In 1933, when James Hilton wrote the classic Lost Horizon, he probably never expected to leave generations asking the question: Where is Shangri-La? Even less could he have imagined his book erupting into a regional tourism dispute in western China, simultaneously igniting a platform for China's alternative culture movement. But that is exactly what has happened.
Where is Shangri-La? Some say in Tibet. Others say Qinghai has more of that Tibetan feeling than Tibet, as if foreigners could determine better than Tibetans what Tibet should feel like. At the same time, a walled city in Yunnan called Dali claims that it is the original Shangri-La. Then, the nearby town of Lijiang, the ancient kingdom of the Naxi minority, discovered a stone tablet with the Chinese characters Xiang-ge-li-la - close enough to 'Shangri-La' - carved on it. So Lijiang advertised it was Shangri-La. Tourists poured in. Yet another county, Zhongdian, a mostly Tibetan-populated corner of northwest Yunnan, says it is Shangri-La, and cites the physical features described in Hilton's novel (Hilton never visited the region). So tourists started going there. Then, local governments in Sichuan said that Shangri-La was there.
Four counties and four separate regions were soon locked in one of the most ironic disputes between regional governments in China's recent history, until the central government finally proclaimed one county, Zhongdian, the official Shangri-La. This brokered deal allowed the provinces of Yunnan, Sichuan, Qinghai and the Tibet region each to use the name Shangri-La for promotional purposes.
In fact, none of the officials in any of China's self-proclaimed Shangri-Las had any idea that Hilton's book described a land of peace and ethnic harmony, which would draw from around the world those seeking spirituality and hoping to shed western material values. The officials were, instead, groping for tourist dollars by packaging, franchising and distributing Shangri-La as an attraction, in some ways threatening to turn China's national minorities into a freak show.

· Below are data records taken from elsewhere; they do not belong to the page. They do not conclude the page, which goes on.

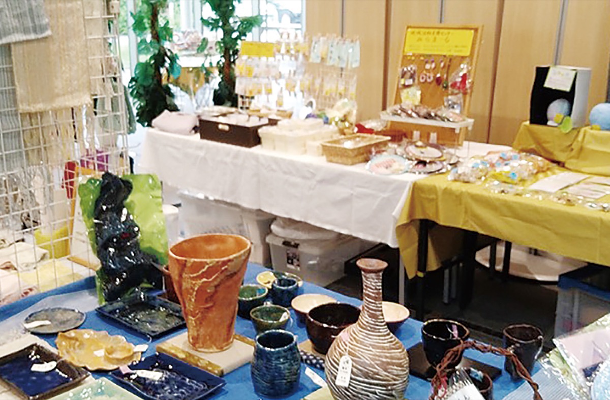 期間中は市内の福祉施設に通う利用者が作った陶芸作品や編み物、塗り物、絵画、木工作品などの自主製品を販売する。
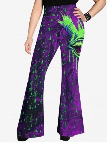 Gothic Monster Rainy Print Flare Pants - Purple - 1x
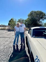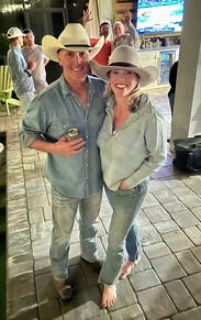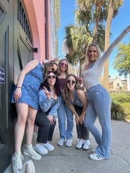 I actually rented a pair of the same brand jeans last year and bought them! These were similar but had the slits in the legs for more interest. I probably needed to rent a size smaller because they did stretch out a little after wearing them all day. Very comfortable but a little long for my 5'4" height: worked perfectly with a pair of low cowboy boots that had a little bit of a heel. Wore with sneakers, but they were dragging on ground a bit, as seen in this photo.
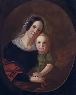 In 1836, the year Missouri expanded with the Platte Purchase of former Native American territory (thus violating the Missouri Compromise of 1820 which had led to the state's creation), 25-year-old Bingham married 18-year-old Sarah Elizabeth Hutchison (1818–1848), who bore him four children before her death. From 1837 to 1845 they lived in Arrow Rock in Saline County, where their house has been designated a National Historic Landmark. She died in 1848 at the age of twenty-nine.[6] Bingham's mother Mary helped him raise his children before she died in 1851.[6]
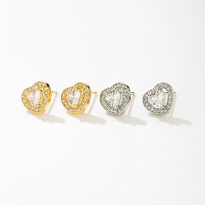 Pendientes elegantes con zirconios en forma de corazón aretes
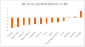 Figure 3: Major regional economies are net oil importers, exposing them to worsening trade balances when oil prices rise (Source: ING)
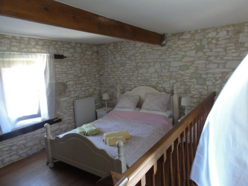 Back in the house and up the stairs you will find a double bedroom on the mezzanine - in the tower of the pigeonnier itself. It's just made for romance!
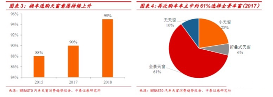 根据伟巴斯特的研究,顾客在购车时天窗考量占比为70%。对比2015年,2018年换车时考虑有天窗的用户增加了7%达到95%,且倾向于可开启的大尺寸全景天窗,全景天窗在消费中的关注度持续提升。
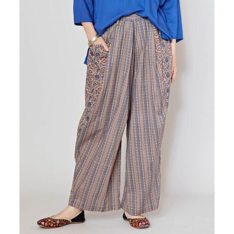 [型番:IAC-5158-2025]インド更紗をモチーフにした花柄×ストライプ柄のパンツ。涼し気な薄手の綿素材が肌触り良く、使いやすい一枚。大きな右ポケットがポイント。
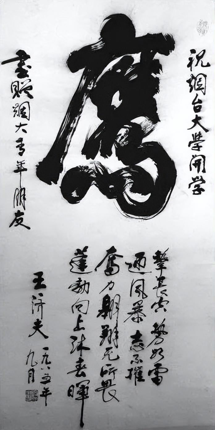 这是王济夫在烟台大学正式开学之际为首批学子的题词“鹰”,寄托了他对烟大学子的殷切希望!“击长空,势如雷,迎风暴,志不槯。奋力翱翔无所畏,蓬勃向上沐春晖。”
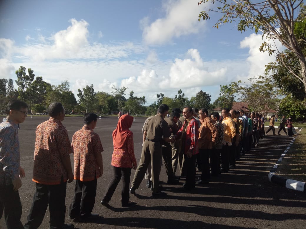 Muntok. Hari pertama masuk kerja Bupati Bangka Barat Drs H Parhan Ali MM beserta Sekda H. Yunan Helmi Asisten, Staff Ahli, Ka OPD melaksanakan ramah tamah dengan seluruh ASN dan pegawai di pemkab Bangka Barat.
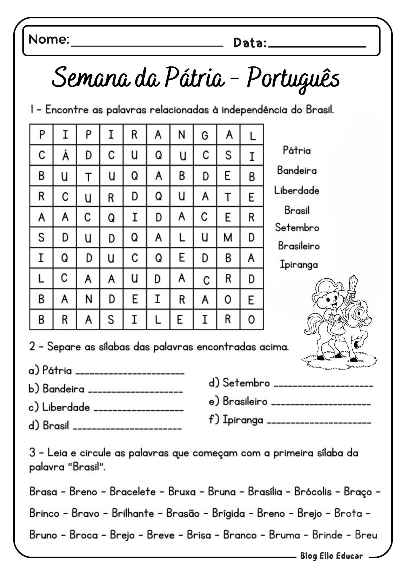- Atividades sobre a Semana da Independência do Brasil para Educação Infantil: Apostila Gratuita.

While these officials were busy promoting their respective Shangri-Las, and while the central government was encouraging tourists and business to 'go west', a curious phenomenon occurred. Instead of attracting foreign multinationals, the Shangri-La pockets in western China began to attract China's own version of counter-culture. As old Beijing is bulldozed into oblivion, and replaced by faceless cement and blue glass, China's cultural capital looks ever more like Seoul. With its centralised control of the media, Beijing may still be China's artistic centre in commercial terms, but the creative mandate has dissipated to the western regions, where alternative lifestyles flourish along with activists promoting ethnic and environmental grassroots projects.
I began asking my friends among Chinese artists about their own search for Shangri-La. Cheng Xingdong, a curator and adviser to international art collectors, said: 'Yunnan has become China's centre of alternative culture. Artists and intellectuals are now gathering there. It is a focal point of new ideas and creativity. The history of Yunnan is fusion.